Mullen and Iannarone, P.C.
Serving the legal needs of corporations, individuals and
families of Suffolk County since 1972

Why everyone can benefit from an estate plan

Being too young or being single and childless are some of the common excuses people in New York often use to justify not making estate planning a priority. According to one survey, the majority of millennials don't have a will. While some people may not want to think about what will happen after their death, procrastinating can have potentially serious consequences. For instance, if an individual dies without a will, which is referred to in legal terms as intestate, the state will determine how assets and property are divided. Without a medical directive in place, the default decision is usually to prolong life artificially.

With wills, decisions about how assets are divided can be made proactively, and an executor can be named to ensure that everything is distributed as specified. Single, healthy millennials may be advised to also consider a durable power of attorney, a document that states who is authorized to make financial decisions in the event that an individual is unable to do so. With an advance medical directive, decisions concerning life support and comfort measures can be made ahead of time, or a specific individual can be named to make such decisions.

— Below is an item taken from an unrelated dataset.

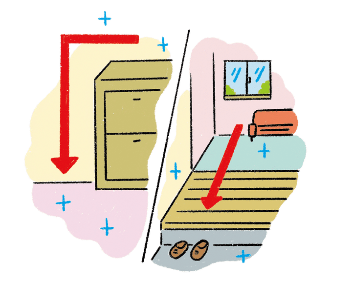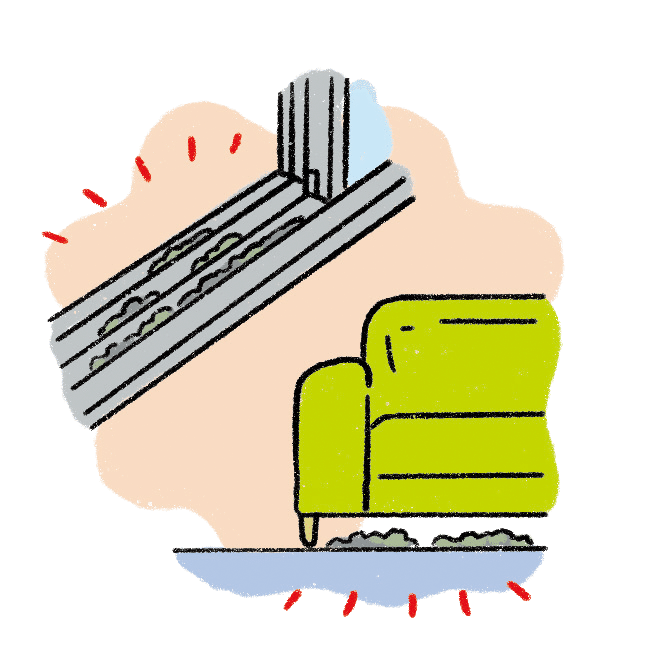 玄関、窓、換気口など、人や空気の出入りがある場所に近いほど花粉や黄砂がたまりやすくなります。また、ソファやラグマットなどのファブリック製品、静電気がほこりを吸い寄せる家電まわりなど、花粉がたまりやすい場所も、シーズン中は最低でも週に1回はしっかり掃除を。忙しい日は、人が集まるリビングなどの床を優先しましょう。
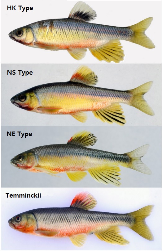 2005년까지 갈겨니와 같은 한 종으로 불렸으나, 옆줄 위 비늘 수와 혼인색 [번식기에 현저하게 나타나는 체색을 갖는 성징] 등 몇 가지 특징을 근거로 신종으로 분류되었다. 무주군에서 참갈겨니는 유사종인 피라미와 동일하게 불리며, 형태적으로 구분은 하지만 명칭에서는 같이 쓰인다. HK type는 주로 임진강, 한강, 금강에 사는 형태이고 , NS type은 낙동강과 섬진강에 사는 것들 , NE type은 낙동강과 강원남부 이남의 동해안의 하천에 주로 사는 것들의 형태입니다.

It's also not unusual for younger adults to have concerns about what may happen with digital assets such as social media content and photographs stored online after their passing. Some platforms allow users to create legacy contacts to make such decisions while others allow users to name trusted contacts to download data if accounts go inactive. Many states have enacted or introduced legislation to address how digital assets can be handled although such matters can also be addressed with a customized estate plan.

A lawyer may help tailor estate plans to the specific needs of clients. This might include naming separate trusted friends or family members to oversee the distribution of personal property and naming a financial advisor or other knowledgeable party to deal with stocks, bonds, real estate holdings and similar assets. If significant assets are involved, an attorney may recommend setting up a trust as a wealth protection method to minimize tax burdens.